The Truth About Fentanyl Is Scary Enough. Myths About It Don’t Help

Friends and family members of people who have died from overdoses in Broome County gather for an annual memorial, August 19, 2023, in downtown Binghamton, N.Y. Credit - Andrew Lichtenstein—Corbis/Getty Images

The bowling ball on my chest is always heaviest at 3 a.m. Its steady pressure pushes me out of sleep most mornings before the sun rises on either coast. I could set my alarm by it, but I don’t need to. Wherever I wake up—in hotel rooms, at friends’ houses, or in the home I share with my husband—the bowling ball is there, in the pocket right between my ribs and a little bit north of my stomach.
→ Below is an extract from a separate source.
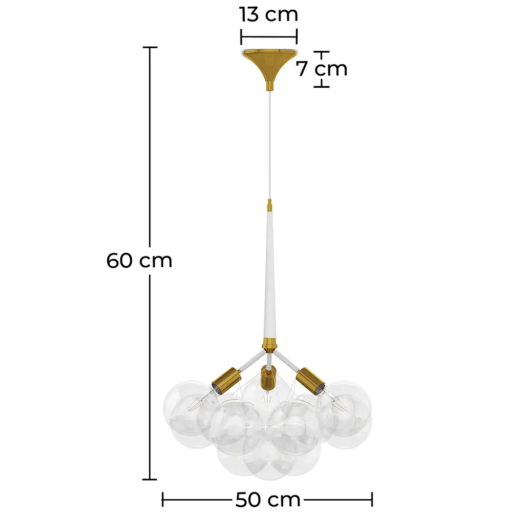 Difficile de résister au charme de ce magnifique lustre globe moderne. Ce plafonnier dispose de trois ampoules qui créent un agréable jeu de lumière au travers de ses neufs globes en verre disponibles en trois coloris différents. Placé dans votre chambre, votre hall d’entrée ou votre salon, ce lustre apportera une irrésistible touche contemporaine qui ne laissera personne indifférent.

When the weight wakes me up in the morning, it’s never for a good reason. Every day, I talk to friends, parents, loved ones, and peer workers as they face yet another unspeakable tragedy. One in ten Americans has lost someone to an overdose, and that number is only rising.

An entire generation is dying off, as though killed by a plague that nobody is brave enough to name.

There are no words for these losses—these deaths. What I felt in the beginning—the hot anger and outrage that fueled my advocacy, pushing for bipartisan legislative solutions and distributing lifesaving naloxone—has faded to a dull ache that sits in my body and never goes away.

It feels like grief. Or maybe, heartbreak.

There is no bad time to stop using heroin, but I am positive that I quit at exactly the right moment. In 2014, I was at the tail end of my chaotic drug use.  After years of living on and off the streets, I was in bad shape.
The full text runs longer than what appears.